* **EXERCISE DATA**:
______________________________

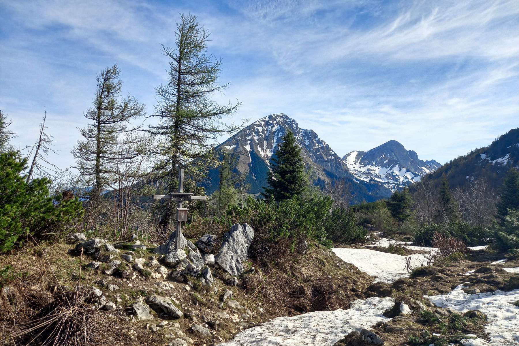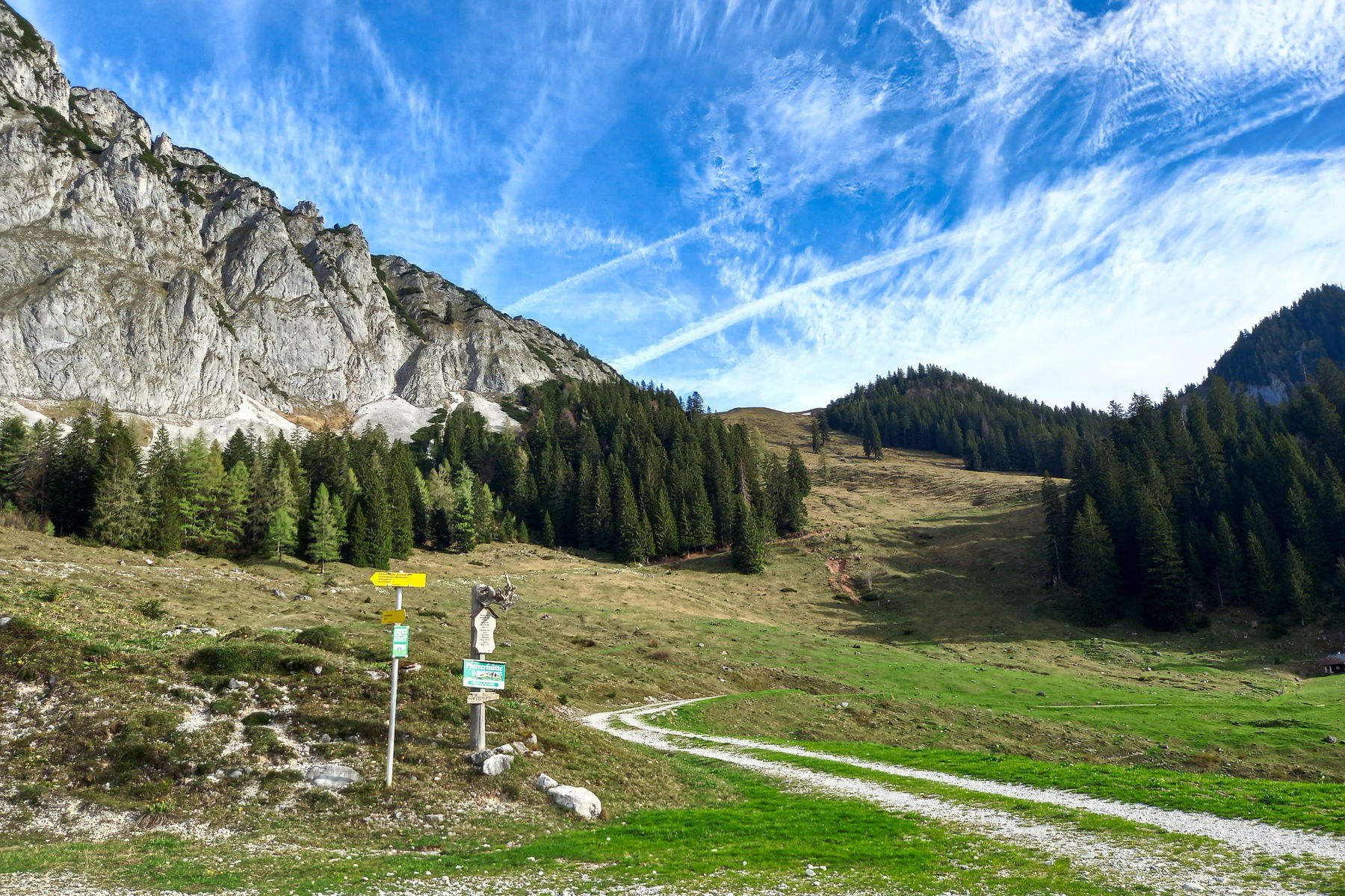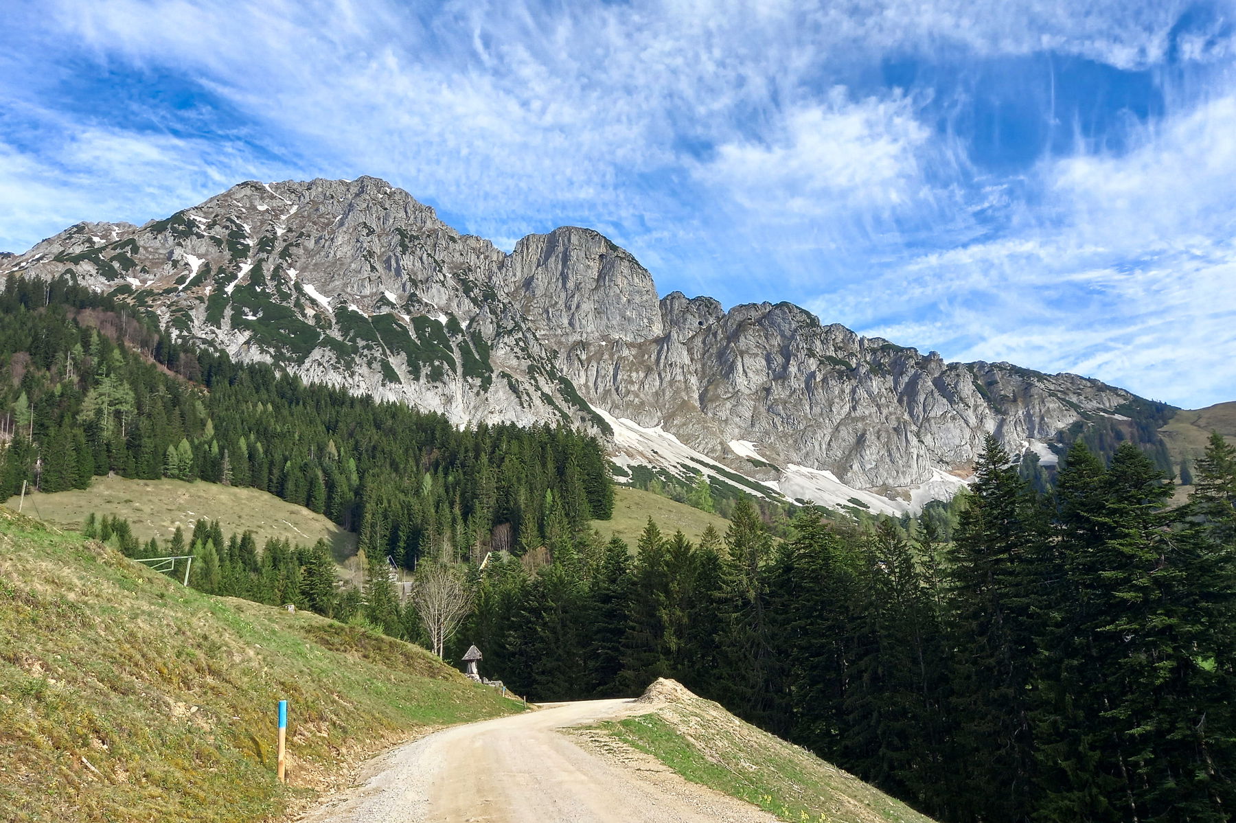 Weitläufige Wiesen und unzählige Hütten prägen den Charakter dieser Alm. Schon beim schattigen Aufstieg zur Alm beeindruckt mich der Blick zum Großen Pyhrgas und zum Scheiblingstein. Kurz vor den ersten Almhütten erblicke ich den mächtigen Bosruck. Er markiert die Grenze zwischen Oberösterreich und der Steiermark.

______________________________

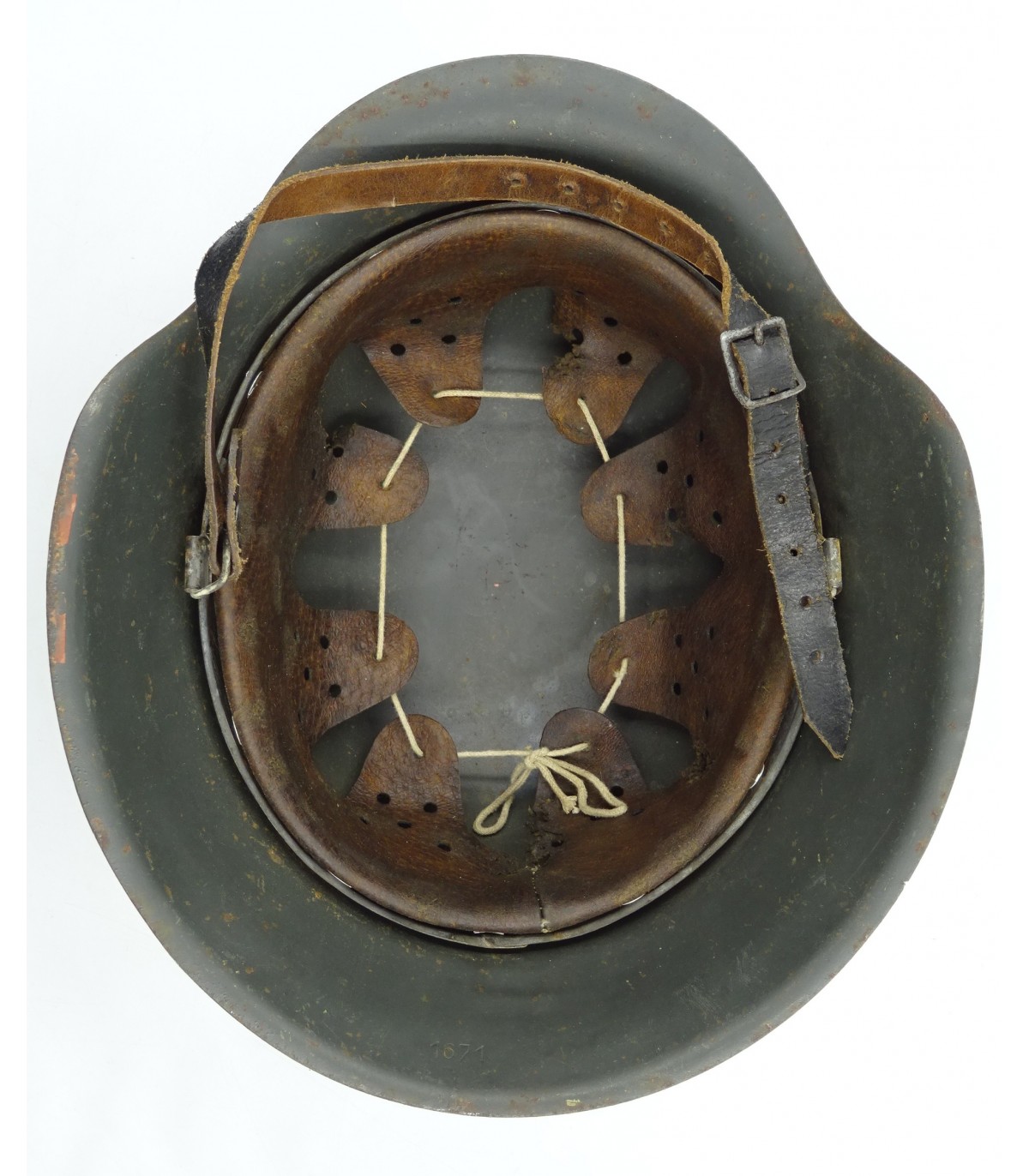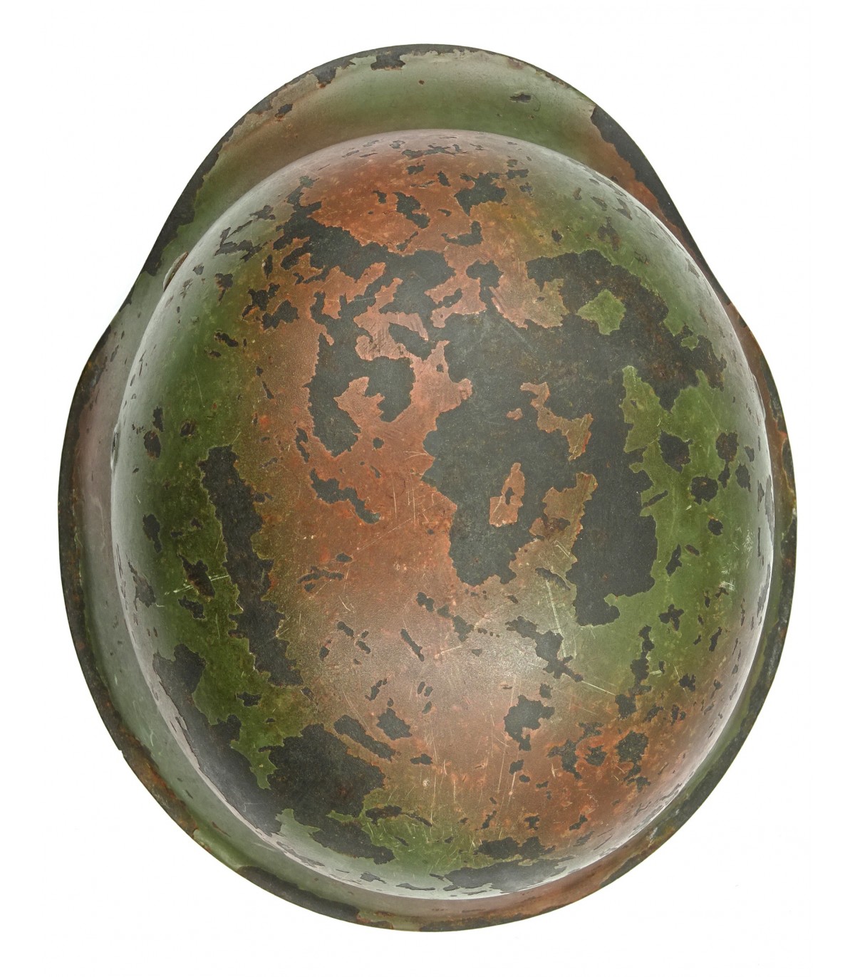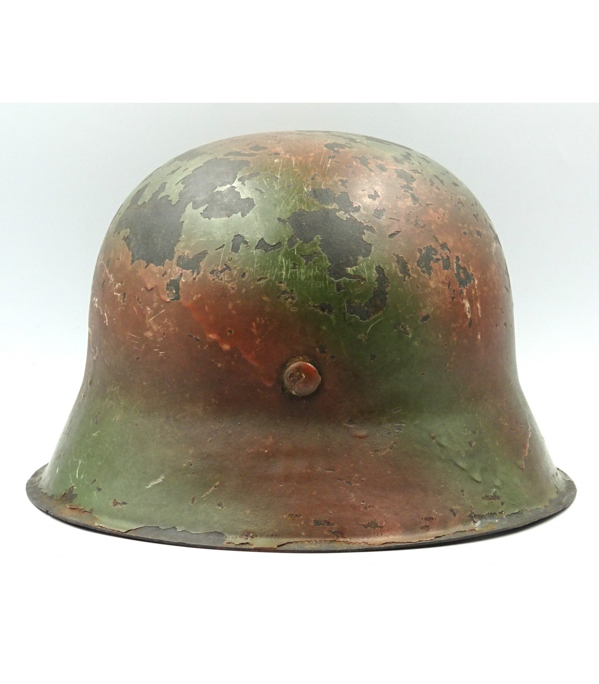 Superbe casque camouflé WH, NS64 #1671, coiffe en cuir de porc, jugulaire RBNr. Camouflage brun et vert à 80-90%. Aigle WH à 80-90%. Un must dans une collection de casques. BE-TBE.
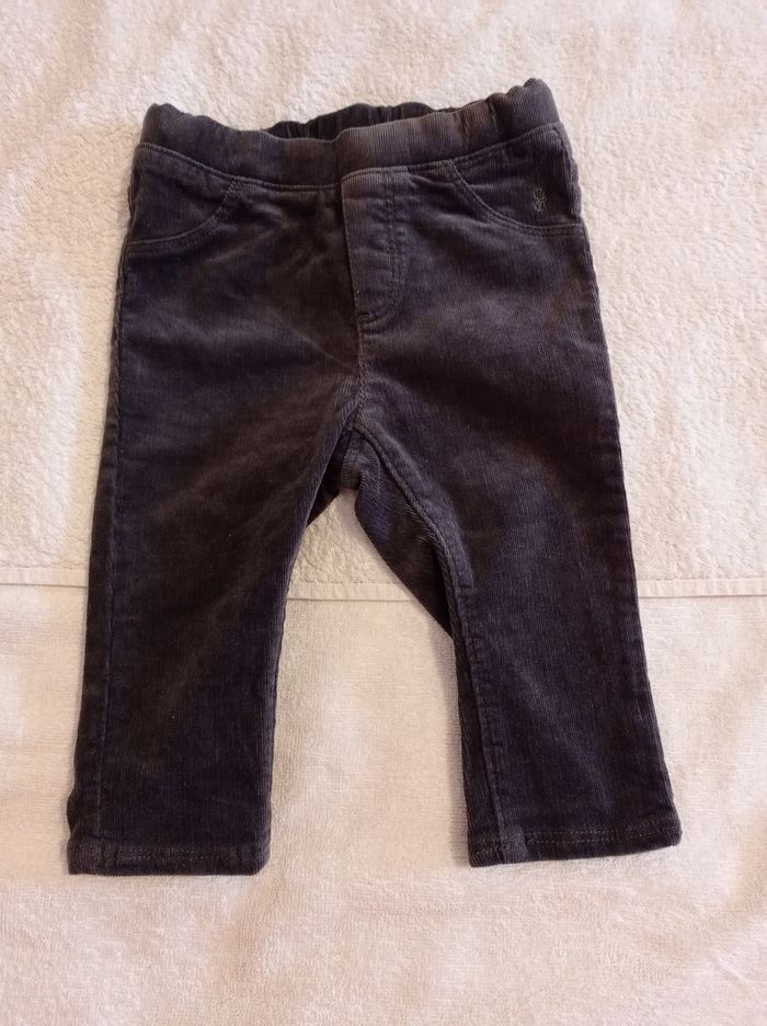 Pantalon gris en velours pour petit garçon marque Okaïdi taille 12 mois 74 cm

______________________________

* **INSTRUCTIONS TO FOLLOW**:
The answer should consist only of the lines above from the one with "Superbe casque camouflé" through the one with "Pantalon gris en", repeated exactly, with no pictures among them.

* **SOLUTION TO THIS PROBLEM**:
 Superbe casque camouflé WH, NS64 #1671, coiffe en cuir de porc, jugulaire RBNr. Camouflage brun et vert à 80-90%. Aigle WH à 80-90%. Un must dans une collection de casques. BE-TBE.
 Pantalon gris en velours pour petit garçon marque Okaïdi taille 12 mois 74 cm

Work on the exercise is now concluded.